3. Multiply by $x^5 / 16$ to get the power series for $f(x)$:

   Substitute back into the expression for $f(x)$: $f(x) = \frac{x^5}{16} \sum_{n=0}^{\infty} \frac{x^{2n}}{16^n}$ Simplify by combining terms: $f(x) = \sum_{n=0}^{\infty} \frac{x^{2n + 5}}{16^{n+1}}$

   Thus, the power series representation of $f(x)$ is: $f(x) = \sum_{n=0}^{\infty} \frac{x^{2n + 5}}{16^{n+1}}$

4. Determine the interval of convergence.

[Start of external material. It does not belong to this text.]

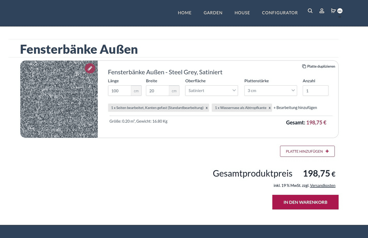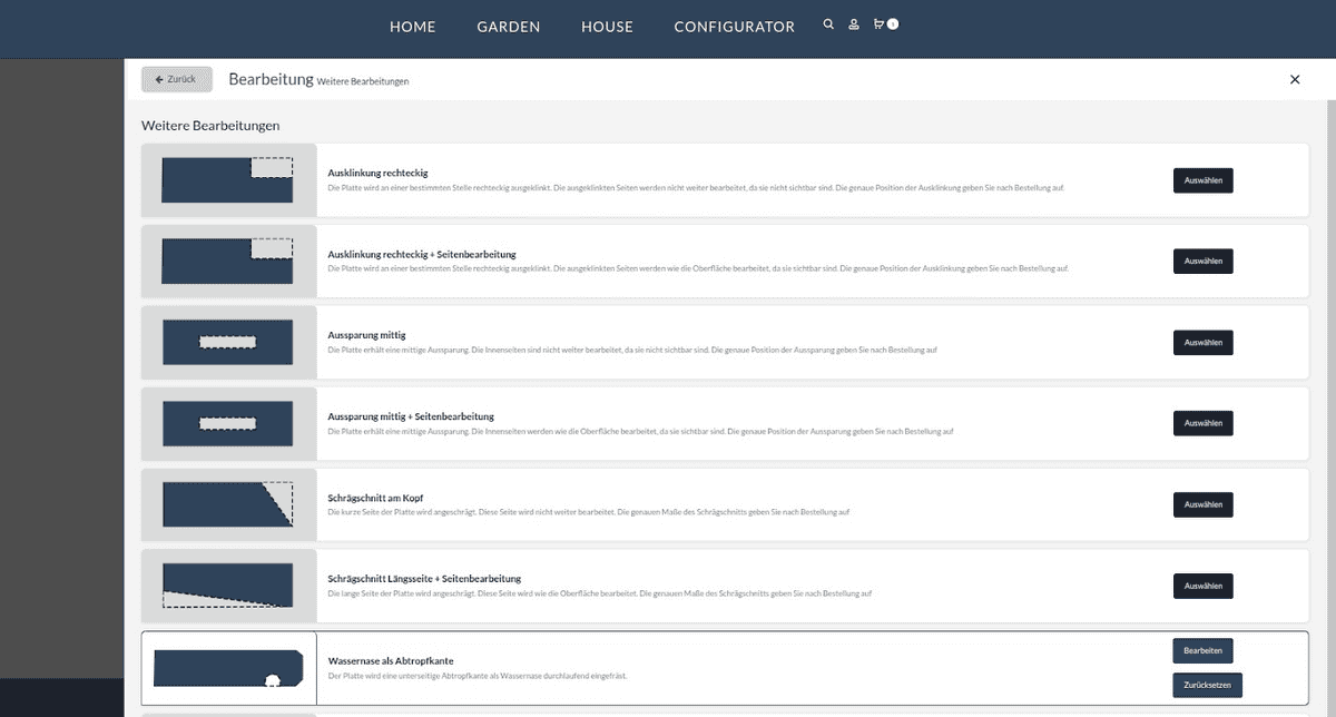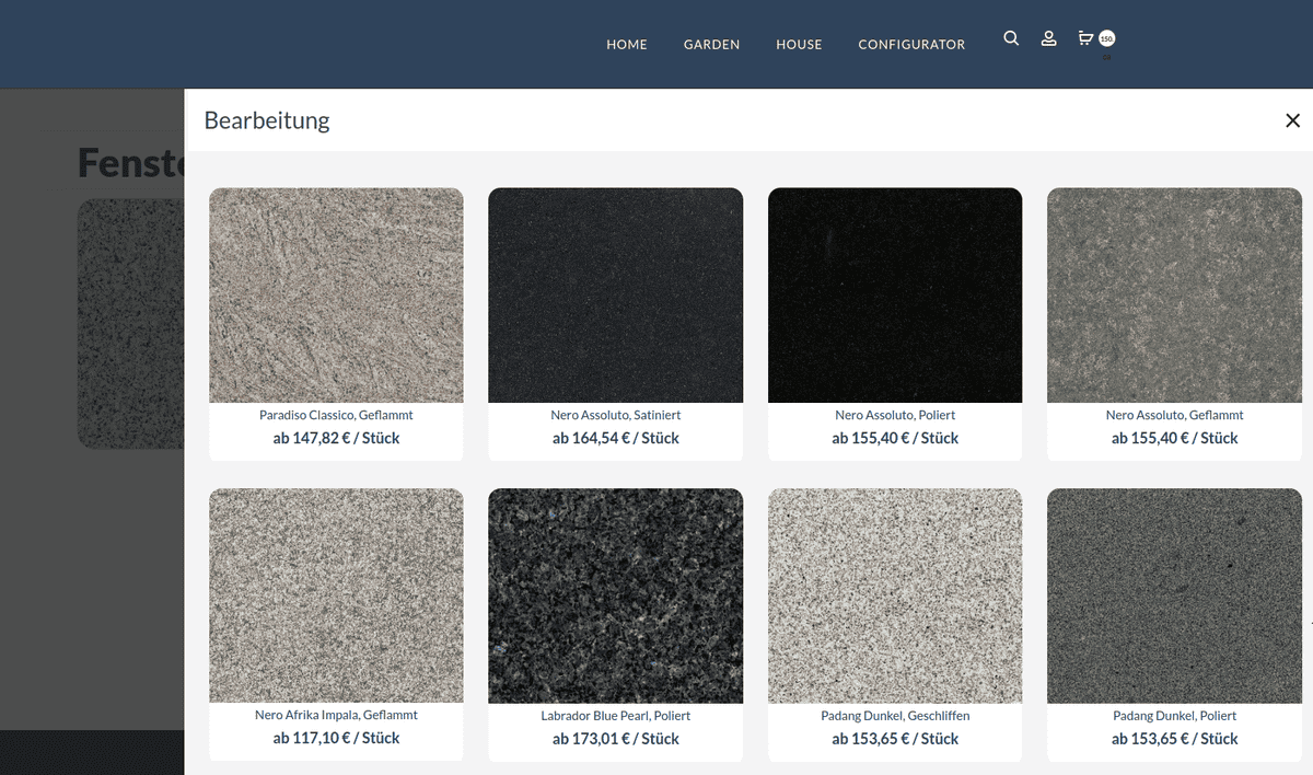 Our client is a leading tiles manufacturer and retailer based in Europe. They wanted a solution that allowed their customers to choose, configure and customize kitchen tops as per their needs and the total price is calculated based on the product and different configurable options chosen by them.

   Since we used the geometric series with $u = \frac{x^2}{16}$, convergence requires: $\left| \frac{x^2}{16} \right| < 1$ which simplifies to: $|x^2| < 16 \quad \Rightarrow \quad |x| < 4$

   Therefore, the radius of convergence is $R = 4$, and the interval of convergence is: $-4 < x < 4$

Summary

• Power series for $f(x)$: $f(x) = \sum_{n=0}^{\infty} \frac{x^{2n + 5}}{16^{n+1}}$

• Interval of convergence: $(-4, 4)$

Would you like further details on any step?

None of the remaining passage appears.